DATA SECTION:
- - - - -

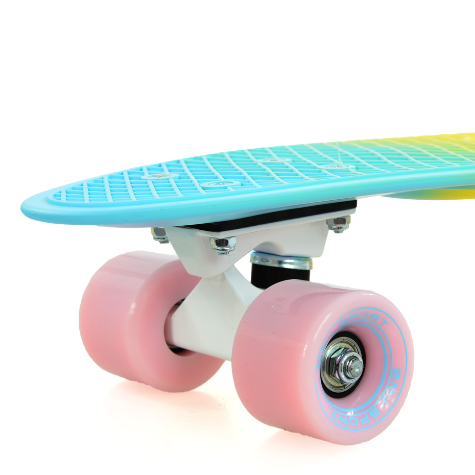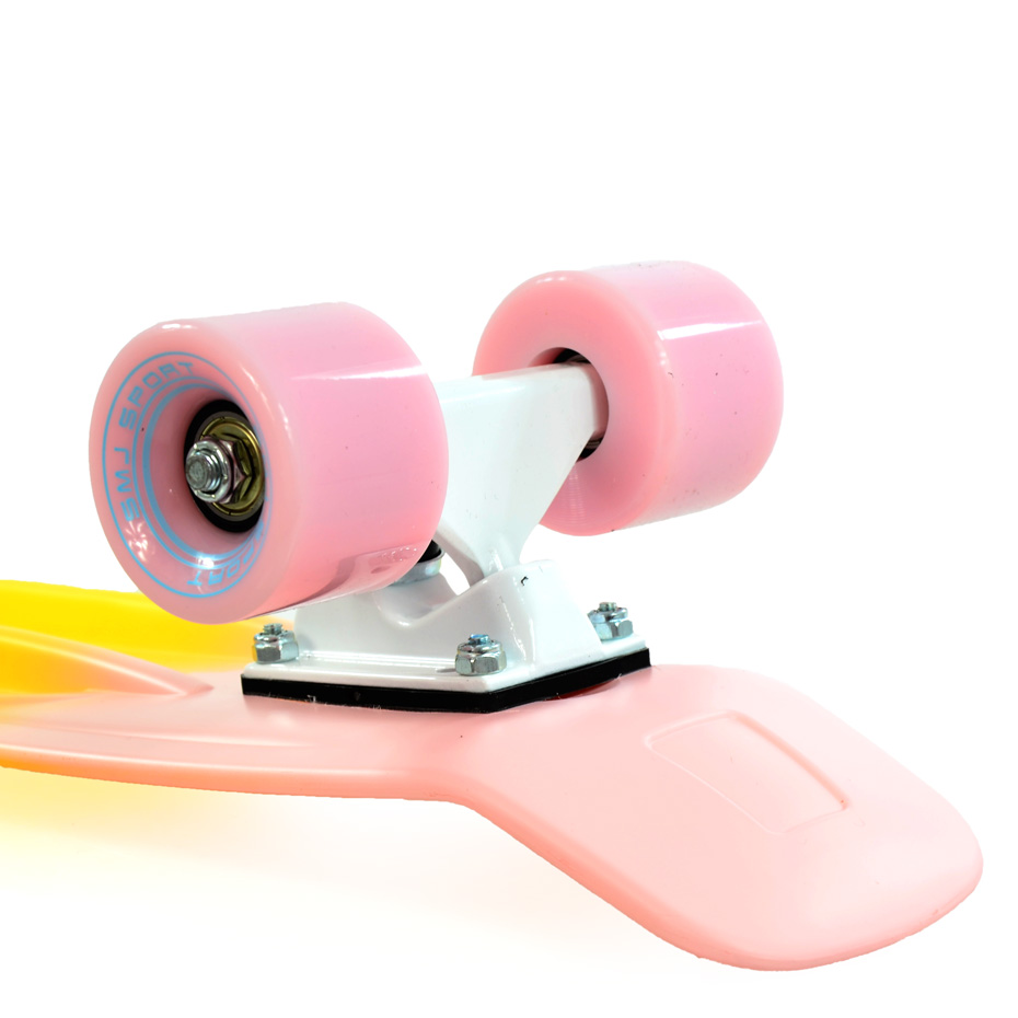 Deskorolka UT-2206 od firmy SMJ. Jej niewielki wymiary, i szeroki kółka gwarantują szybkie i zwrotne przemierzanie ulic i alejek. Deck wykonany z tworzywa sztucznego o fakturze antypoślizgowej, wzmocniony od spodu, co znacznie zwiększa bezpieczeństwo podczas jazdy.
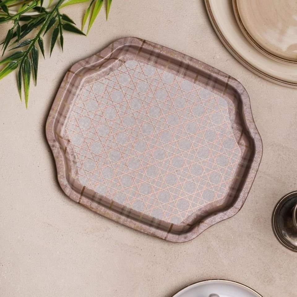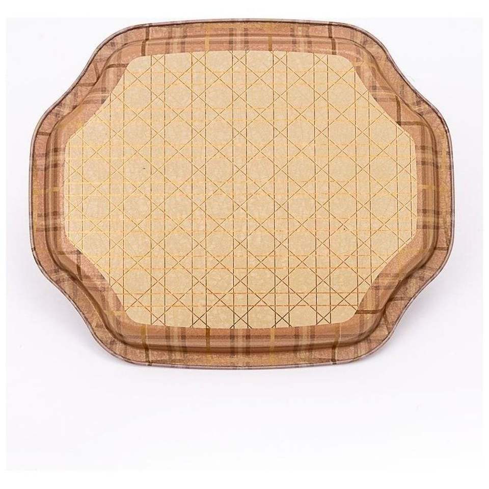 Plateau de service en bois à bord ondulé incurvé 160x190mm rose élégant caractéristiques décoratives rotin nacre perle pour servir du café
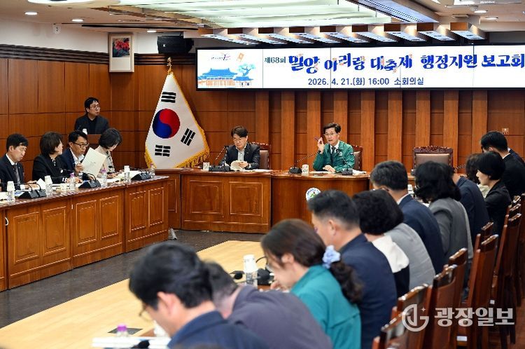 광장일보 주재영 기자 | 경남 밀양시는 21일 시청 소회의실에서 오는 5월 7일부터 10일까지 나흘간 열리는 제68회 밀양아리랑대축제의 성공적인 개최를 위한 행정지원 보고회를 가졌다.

- - - - -

REQUIRED ACTION: Reproduce precisely the lines of the listing above, from the line containing "Plateau de service" to the last line, both ends included. Pictures are to be omitted.

TASK RESPONSE:
 Plateau de service en bois à bord ondulé incurvé 160x190mm rose élégant caractéristiques décoratives rotin nacre perle pour servir du café
 광장일보 주재영 기자 | 경남 밀양시는 21일 시청 소회의실에서 오는 5월 7일부터 10일까지 나흘간 열리는 제68회 밀양아리랑대축제의 성공적인 개최를 위한 행정지원 보고회를 가졌다.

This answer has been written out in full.